Chapter 2.2: "The current UPC++ implementation maps each rank to an OS process but it’s also possible to use OS threads or user-level Pthreads for UPC++ ranks."

Because UPC++ is a library instead of a compiler, this distinction is explicitly visible to the client via the behavior of global variables (even ignoring the hybrid application issues that expose this detail in UPC implementations). The distinction is especially relevant if a UPC++ thread calls pthread_create() or uses some other dynamic thread creation facility. Should probably make a stronger statement that each UPC++ rank is guaranteed to be a C++ process. If we realistically want to leave the door open for mapping multiple UPC++ ranks to individual threads in a process, then we'll probably need to provide a query of the execution mode and a facility for storing and retrieving rank-specific data (and discourage the use of C++ global variables). Note that existing thread-specific data facilities may be insufficient without a UPC++ wrapper that correctly maps calling pthread to library rank (especially for the case of a UPC++ client that creates its own dynamic threads within a rank).

Comments (6)

  1. Yili Zheng

    This is a very good topic for discussion. There are some design trade-offs and implementation constraints.

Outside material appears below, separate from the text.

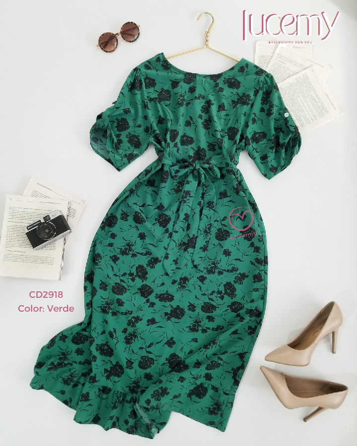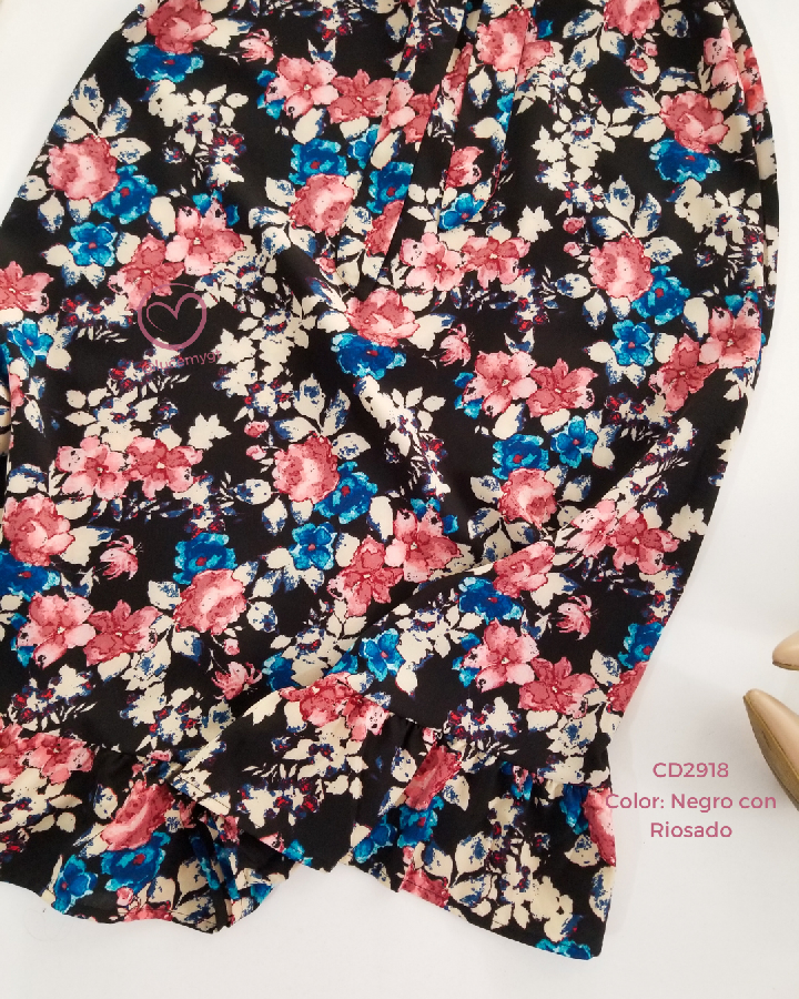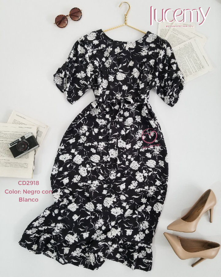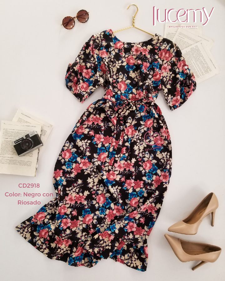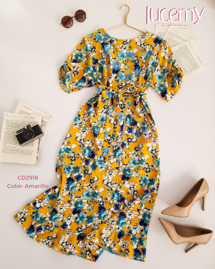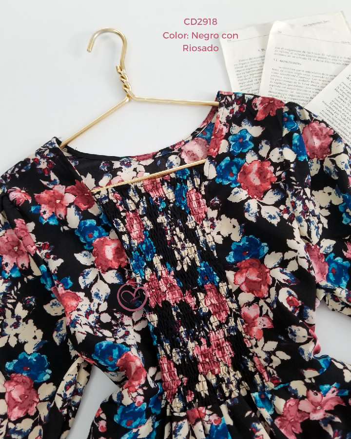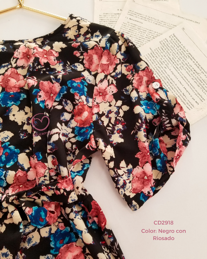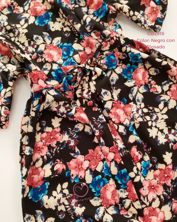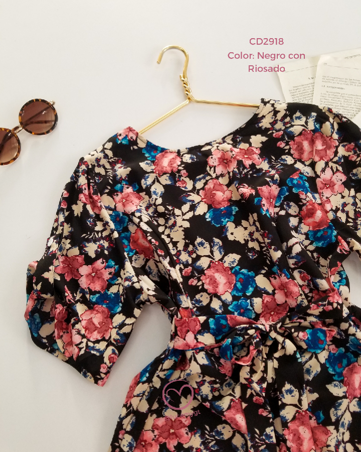 Descripción: Vestido floral, escote redondo, manga corta, fruncida en la parte de atras, incluye su agujeta.

  2. Dan Bonachea reporter

    On the 5/6 telecon we made a few decisions relevant to this issue that seemed to mostly have consensus:

    • A UPC++ rank is a C++ process. This means regular C++ global variables and static data in externally-linked modules will automatically have one private copy per rank. It also means that upcxx::myrank() has a constant value process-wide.
    • Users may be permitted to create dynamic threads within that process (although we may require them to link a thread-safe version of the UPC++ implementation) but all such threads share the same UPC++ rank. A user who does this is explicitly assuming responsibility for any thread-safety issues that may arise within the process, especially when calling non-UPC++ modules.
    • Will add a upcxx::is_init() call to query the status of the UPC++ implementation. It returns true to indicate that UPC++ is fully initialized and all entry points are functional. A false return indicates that initialization has not yet completed and UPC++ is in a "pre-initialized" state.
    • May or may not require an explicit upcxx::init() call in main. We're fairly certain the argc/argv business will be a non-issue moving forward, but unsure about whether we want to require an explicit init or guarantee we can handle it automatically using the library's own static constructor. Either way we should probably prohibit explicit calls to upcxx::init() outside main.
    • While in the pre-init state (which in general may include all static constructors), only a very restricted set of UPC++ calls may be used. They will include:
      • upcxx::is_init()
      • Shared variable allocation calls
      • upcxx::preinit_ranks(), upcxx::preinit_myrank() - return the same values as later calls to ranks() and myranks() and may run slower, but work correctly in the pre-init state (by possibly partially initializing the library on-the-fly)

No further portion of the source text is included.